Traditional deception detection relies on a single modality, which is vulnerable to adversarial attacks and struggles to capture multi-dimensional deception features. Existing multimodal LLMs are bulky and have high computational overhead, limiting their application in edge devices and real-time scenarios. Therefore, developing a lightweight unified multimodal deception detection model has become an urgent need.

## Technical Methods and Core Architecture

**Core Design Principles**: Lightweight (model compression, knowledge distillation, etc.), unified multimodal fusion (end-to-end architecture), enhanced interpretability (attention visualization), dynamic adaptability (adaptive learning module).
**Technical Architecture**: Multimodal feature extraction layer (text/speech/visual encoders), cross-modal bidirectional cross-attention fusion, lightweight strategies (knowledge distillation, dynamic inference path, quantization and pruning).

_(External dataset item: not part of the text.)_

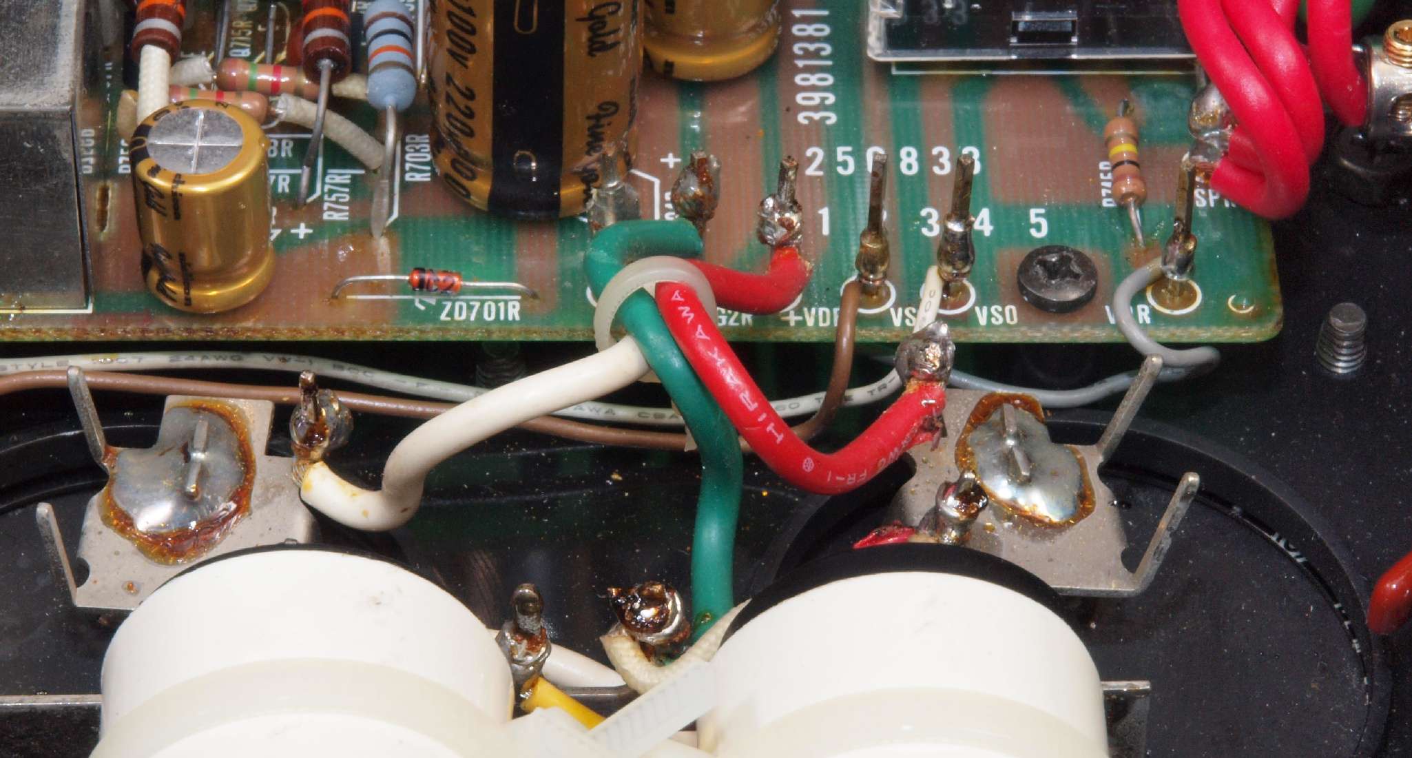 | CA5. 修理前 R側ドライブ基板−電源基板へのラッピング線 |

## Experimental Validation and Performance Evaluation

**Datasets**: Public datasets covering multiple domains (e.g., court testimony, interviews) and multiple deception types.
**Results**: F1 score increased by 12-18% compared to single-modal baselines; inference speed improved by 5x, memory usage reduced by over 70%; can locate key evidence (e.g., text words, speech pauses, facial micro-expressions); good cross-domain generalization ability, requiring only a small amount of domain adaptation to transfer to new scenarios.

## Practical Application Scenarios and Significance

**Security and Justice**: Real-time early warning on portable devices, with interpretability meeting regulatory requirements;
**Finance and Business**: Integrated into mobile applications to provide low-cost risk control tools;
**Human-Computer Interaction**: Runs on embedded platforms to enhance the interaction security of virtual assistants.

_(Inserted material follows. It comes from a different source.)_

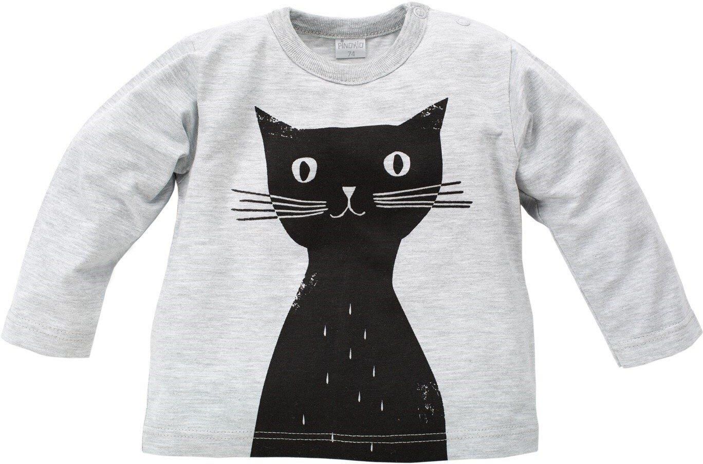 Mięciutka bluzeczka z długim rękawkiem, uszyta z bawełny 95% w kolorze jasno szarego melanżu. Zapinana na ramionku na dwie bezniklowe napki. Na środku bluzki nadrukowany duży, czarny kotek, z tyłu bluzki nadrukowany ogonek kotka. Nadruki wykonane są bezpieczną techniką farb wodnych, która nie uczula wrażliwej skóry dziecka. Rozmiar: 80 cm Obwód klatki piersiowej: 48 cm Skład: 95% bawełna 5% poliester Pinokio to polska marka odzieży dla dzieci i niemowląt, która za najwyższą jakość została wyróżniona certyfikatem "Bezpieczny dla dziecka". Ponad dwudziestoletnie doświadczenie, bawełna najwyższej jakości i anatomiczny krój gwarantują swobodę małym użytkownikom ciesząc ich kolorami dzianin i wesołymi nadrukami. Kolekcje tworzy zespół kreatywnych osób, dbając o wygodę i ładny wygląd dzieci.

## Limitations and Future Research Directions

**Limitations**: Fairness under cultural differences needs verification, insufficient defense against adversarial attacks, privacy protection issues to be resolved;
**Future**: Self-supervised pre-training to improve generalization, federated learning to protect privacy, causal reasoning to enhance out-of-distribution stability.

## Summary and Insights

The research successfully balances accuracy, efficiency, and interpretability. Insights: Multimodal fusion needs to focus on effective information interaction; lightweight and interpretability should be first-level design goals; AI systems need to integrate technical performance, deployment costs, and ethical constraints.